■ **ASSIGNMENT**
Give back the data exactly, with no images.

■ **AVAILABLE DATA**
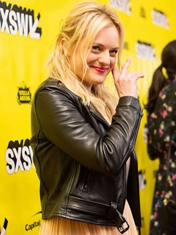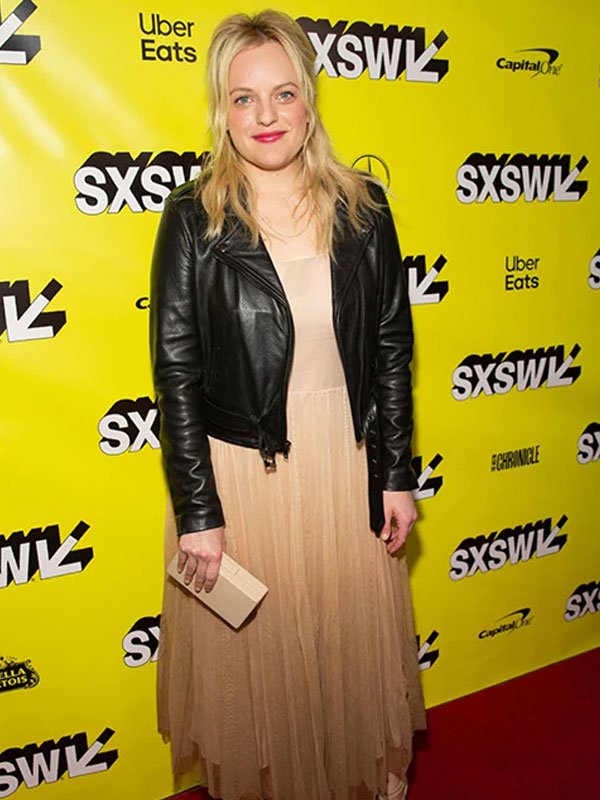 Elisabeth Moss Us Movie Kitty Tyler Black Leather Jacket
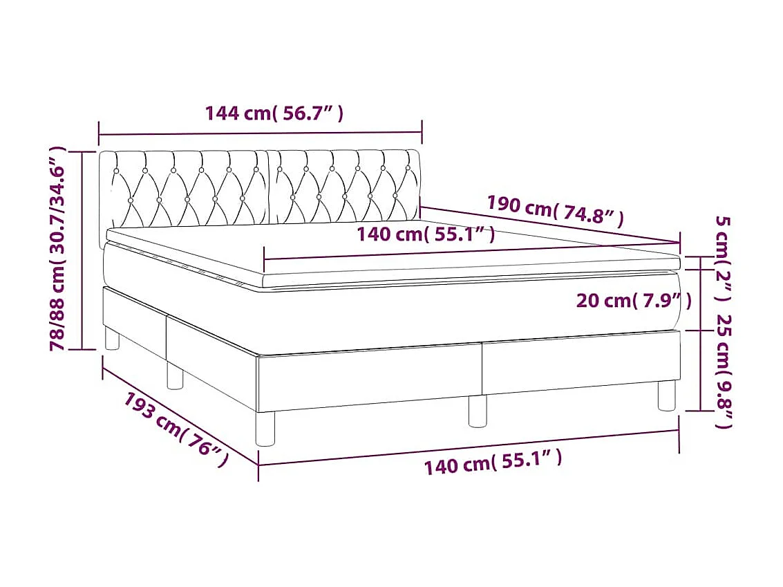 Sommier à lattes de lit et matelas Bleu foncé 140x190cm Velours
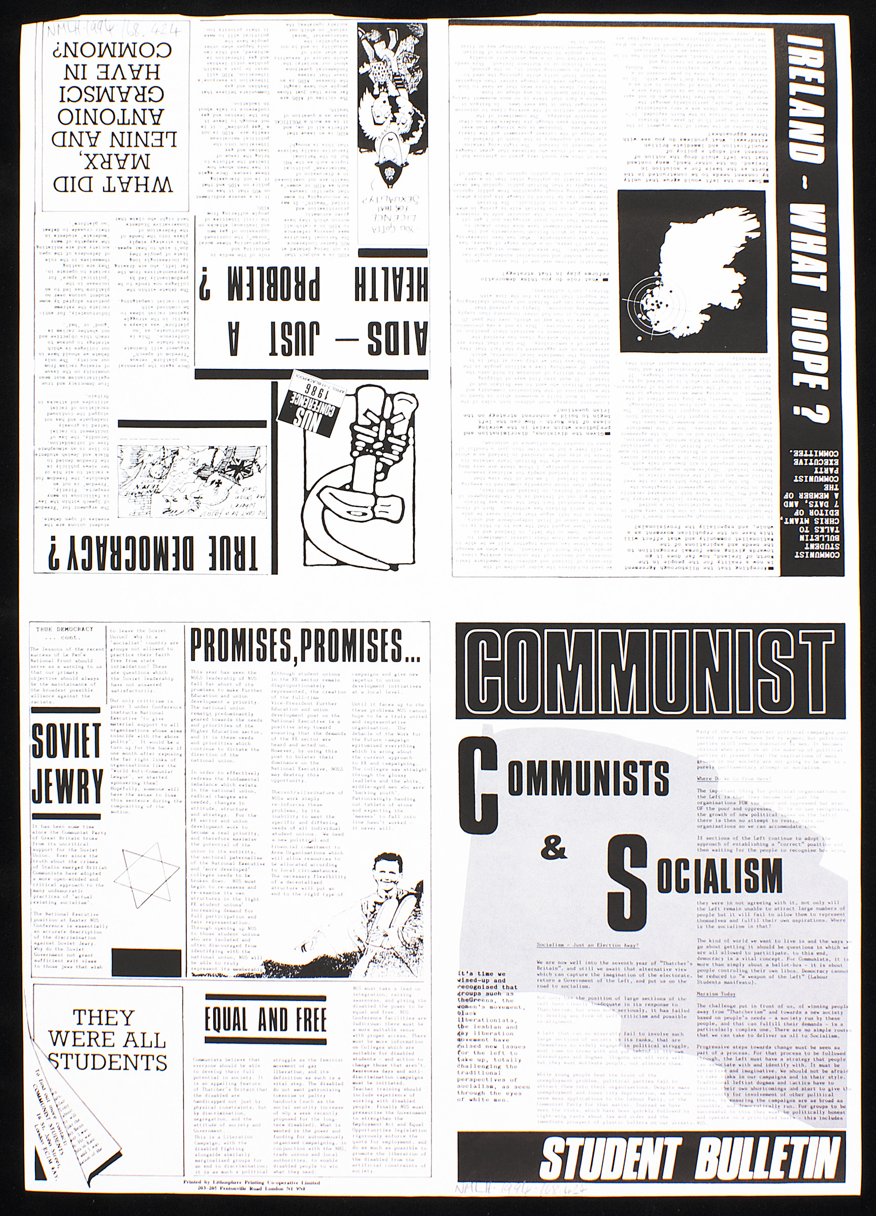 Poster printed on a paper with black backgound with an image of Karl Marx sitting on a chair with his left hand on his lap and right hand into his suit jacket. A square lapel badge with 'COMMUNIST STUDENT', with 'STUDENT' underlined. Published by Communist Students 16 St. John Street, London EC1M 4AY and printed by Lithosphere Printing Co-operative Limited 203-205 Pentonville Road N1 9NF.
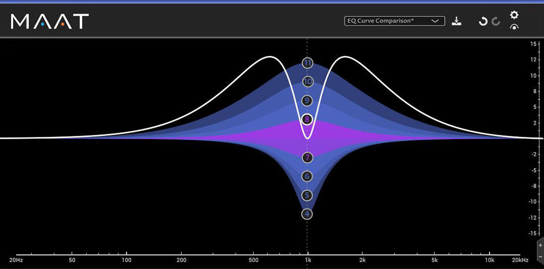 1. Alle 12 equalizer-arkitekturer er normalisert for å ha nøyaktig samme klokkeform for 6dB heving. Hvis du bruker bare ett klokke-filter ved +6dB, vil du få det samme hørbare resultatet for alle typer. Denne normaliseringen av Q eller Kvalitetsfaktor er en unik MAAT-funksjon, og skiller våre typologier fra deres analoge forgjengere fordi mange av de originale har udefinerte Q-definisjoner på grunn av begrensningen av analog teknologi. Normaliseringen lar deg sammenligne de forskjellige EQ-arkitekturene i SantaCruzEQ med letthet.
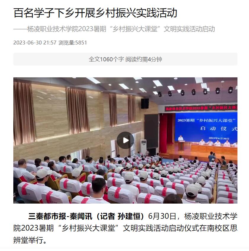 三秦都市报-秦闻讯(记者 孙建恒)6月30日,杨凌职业技术学院2023暑期“乡村振兴大课堂”文明实践活动启动仪式在南校区思辨堂举行。
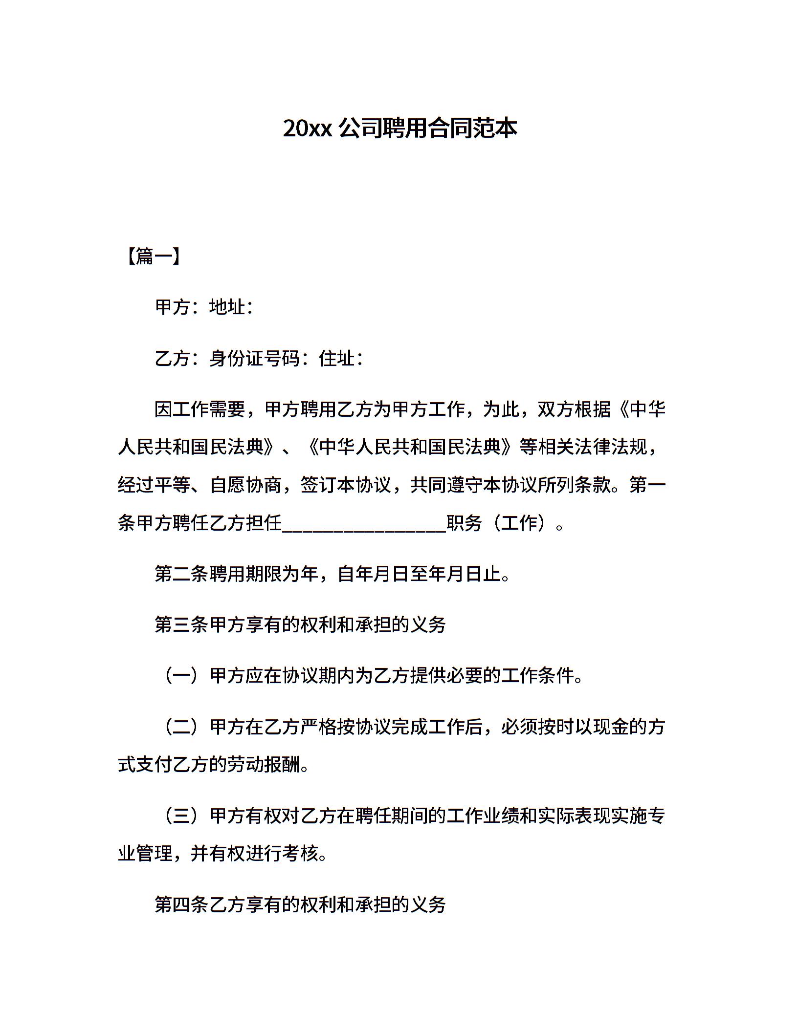 20xx公司聘用合同范本

■ **TASK ANSWER**
 Elisabeth Moss Us Movie Kitty Tyler Black Leather Jacket
 Sommier à lattes de lit et matelas Bleu foncé 140x190cm Velours
 Poster printed on a paper with black backgound with an image of Karl Marx sitting on a chair with his left hand on his lap and right hand into his suit jacket. A square lapel badge with 'COMMUNIST STUDENT', with 'STUDENT' underlined. Published by Communist Students 16 St. John Street, London EC1M 4AY and printed by Lithosphere Printing Co-operative Limited 203-205 Pentonville Road N1 9NF.
 1. Alle 12 equalizer-arkitekturer er normalisert for å ha nøyaktig samme klokkeform for 6dB heving. Hvis du bruker bare ett klokke-filter ved +6dB, vil du få det samme hørbare resultatet for alle typer. Denne normaliseringen av Q eller Kvalitetsfaktor er en unik MAAT-funksjon, og skiller våre typologier fra deres analoge forgjengere fordi mange av de originale har udefinerte Q-definisjoner på grunn av begrensningen av analog teknologi. Normaliseringen lar deg sammenligne de forskjellige EQ-arkitekturene i SantaCruzEQ med letthet.
 三秦都市报-秦闻讯(记者 孙建恒)6月30日,杨凌职业技术学院2023暑期“乡村振兴大课堂”文明实践活动启动仪式在南校区思辨堂举行。
 20xx公司聘用合同范本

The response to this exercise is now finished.